The most imposing thing about Egypt these days is how utterly unimposing the country has become. There was a time not that long ago, under Gamal Abdel Nasser and his successors, when Egypt was not only the most powerful Arab state, but one of the more influential non-superpower states in the world. Nasser was instrumental in mid-20th century pan-Arabism and the non-aligned movement, and it seemed like nothing–not a PLO-Jordanian war in Jordan, not a Yemeni civil war, nothing–that happened in the Arab world without Egypt having a say in the course of events.

Nowadays, under the rule of Abdel Fattah el-Sisi, a guy who fancies himself Nasser’s successor, Egypt is almost superfluous to goings on throughout the Middle East and North Africa. Turkey, Iran, the Saudis, and the Qataris have immerse themselves, to one degree or another, in Syria. Not Egypt. Iran and to a lesser extent Turkey are involved in the fight against ISIS in Iraq. Not Egypt. The Saudis and the UAE have been directly intervening in Yemen on behalf of the government of Abd Rabbuh Hadi. Not Egypt. Libya, which shares a very long and very indefensible border with Egypt and whose stability is key to Egypt’s national security, has fallen apart, and yet Qatar and the UAE have had more to do with manipulating events there than Egypt. Since Sisi basically stopped speaking to Hamas some time back, because of Hamas’s ties to the Muslim Brotherhood, Egypt even lost its past role as a mediator between Israel and the party that runs Gaza–though, to be fair, Egypt, Israel, and Hamas all share a concern about ISIS’s presence in Sinai and potentially in Gaza. You get the idea.

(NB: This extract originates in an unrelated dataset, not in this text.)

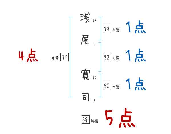 浅尾寛司さんの画数の鑑定結果
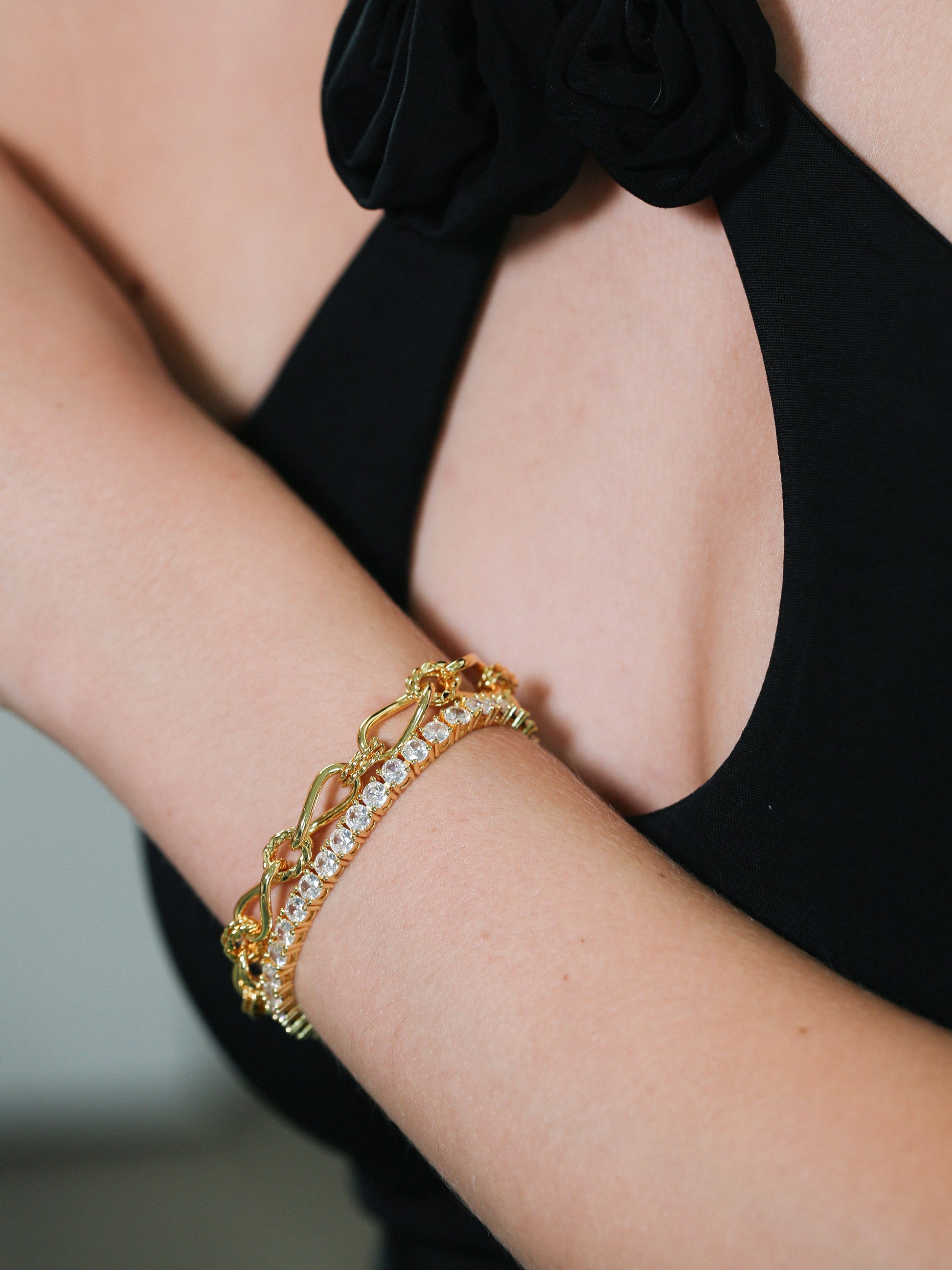 Does the tennis chain always flip over and bother you ? Our Lumi Classic Tennis Chain Bracelet features a durable and lightweight design that prevents flipping and keeps the stones facing outward for a stunning appearance. Its glamorous sparkle stones exude timeless elegance, and the bracelet is designed specifically for tennis chains for a classic and enduring look.

There are some preliminary signs that Egypt is coming out of its isolation, particularly when it comes to the Palestinians. This week, Sisi is hosting reconciliation talks between Hamas and Fatah, the party running the Palestinian Authority. There are also signs that Cairo may be moving back into the role of mediator between Israel and the Palestinians. But these are relatively small potatoes compared to the regional role Egypt used to play, and compared to the role you’d expect it to play as the country with the largest Arab population in the world and a long history of being one of the great powers of the Islamic world. If an absence of a thing can loom large, then Egypt’s absence from the affairs of the Middle East and North Africa looms pretty freaking large.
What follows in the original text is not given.